▶ [WORK TASK]
Given the entries that follow, write out exactly the lines starting at the one containing "Emma merkkinen unipesä" and ending at the one containing "VIN: 5FNYF6H27MB008078", both ends included, and only those.

RECORDS FOR THIS EXERCISE Start Marker

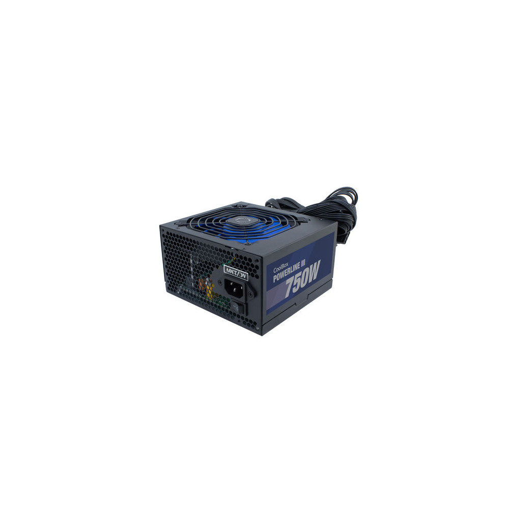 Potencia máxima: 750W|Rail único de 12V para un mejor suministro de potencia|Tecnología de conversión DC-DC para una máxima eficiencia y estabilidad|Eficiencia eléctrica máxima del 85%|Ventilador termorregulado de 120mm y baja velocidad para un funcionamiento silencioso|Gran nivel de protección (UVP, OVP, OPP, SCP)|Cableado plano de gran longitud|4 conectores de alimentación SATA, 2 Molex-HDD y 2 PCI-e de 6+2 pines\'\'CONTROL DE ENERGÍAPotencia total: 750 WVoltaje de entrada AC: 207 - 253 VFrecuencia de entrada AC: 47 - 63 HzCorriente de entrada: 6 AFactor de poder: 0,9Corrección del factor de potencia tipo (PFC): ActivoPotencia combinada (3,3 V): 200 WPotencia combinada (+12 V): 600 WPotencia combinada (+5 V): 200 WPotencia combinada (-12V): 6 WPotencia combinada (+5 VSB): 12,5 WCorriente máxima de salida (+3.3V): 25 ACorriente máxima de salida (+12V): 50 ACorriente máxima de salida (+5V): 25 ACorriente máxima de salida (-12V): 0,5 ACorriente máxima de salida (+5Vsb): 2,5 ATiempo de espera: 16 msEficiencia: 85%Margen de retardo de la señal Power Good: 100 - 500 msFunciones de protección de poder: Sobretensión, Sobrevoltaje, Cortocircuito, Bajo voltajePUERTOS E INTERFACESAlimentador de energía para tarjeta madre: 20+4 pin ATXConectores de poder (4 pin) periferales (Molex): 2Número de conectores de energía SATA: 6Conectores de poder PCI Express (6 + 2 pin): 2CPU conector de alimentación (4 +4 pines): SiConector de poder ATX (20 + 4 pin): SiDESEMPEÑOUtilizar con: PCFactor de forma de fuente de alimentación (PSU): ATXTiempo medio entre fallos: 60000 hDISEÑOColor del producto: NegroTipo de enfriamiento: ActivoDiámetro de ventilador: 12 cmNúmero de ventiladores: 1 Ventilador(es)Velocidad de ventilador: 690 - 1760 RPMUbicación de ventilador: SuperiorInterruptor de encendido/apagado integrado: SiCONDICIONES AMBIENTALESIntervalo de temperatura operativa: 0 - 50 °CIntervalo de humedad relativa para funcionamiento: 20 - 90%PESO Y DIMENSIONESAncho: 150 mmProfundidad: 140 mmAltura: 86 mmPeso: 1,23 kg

RECORDS FOR THIS EXERCISE End Marker
RECORDS FOR THIS EXERCISE Start Marker

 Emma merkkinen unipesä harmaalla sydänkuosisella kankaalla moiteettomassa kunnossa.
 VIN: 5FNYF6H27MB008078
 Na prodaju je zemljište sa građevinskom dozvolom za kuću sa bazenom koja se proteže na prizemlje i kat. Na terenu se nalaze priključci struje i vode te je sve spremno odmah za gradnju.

RECORDS FOR THIS EXERCISE End Marker
RECORDS FOR THIS EXERCISE Start Marker

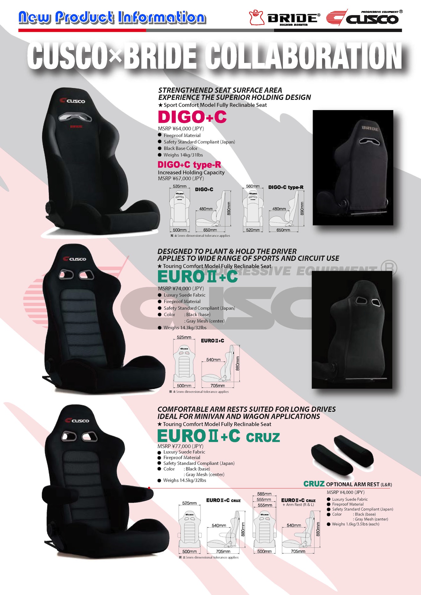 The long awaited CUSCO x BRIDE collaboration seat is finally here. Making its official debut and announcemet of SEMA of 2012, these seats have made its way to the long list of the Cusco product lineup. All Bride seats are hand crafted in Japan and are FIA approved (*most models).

RECORDS FOR THIS EXERCISE End Marker

▶ [ANSWER TO THIS TASK]
 Emma merkkinen unipesä harmaalla sydänkuosisella kankaalla moiteettomassa kunnossa.
 VIN: 5FNYF6H27MB008078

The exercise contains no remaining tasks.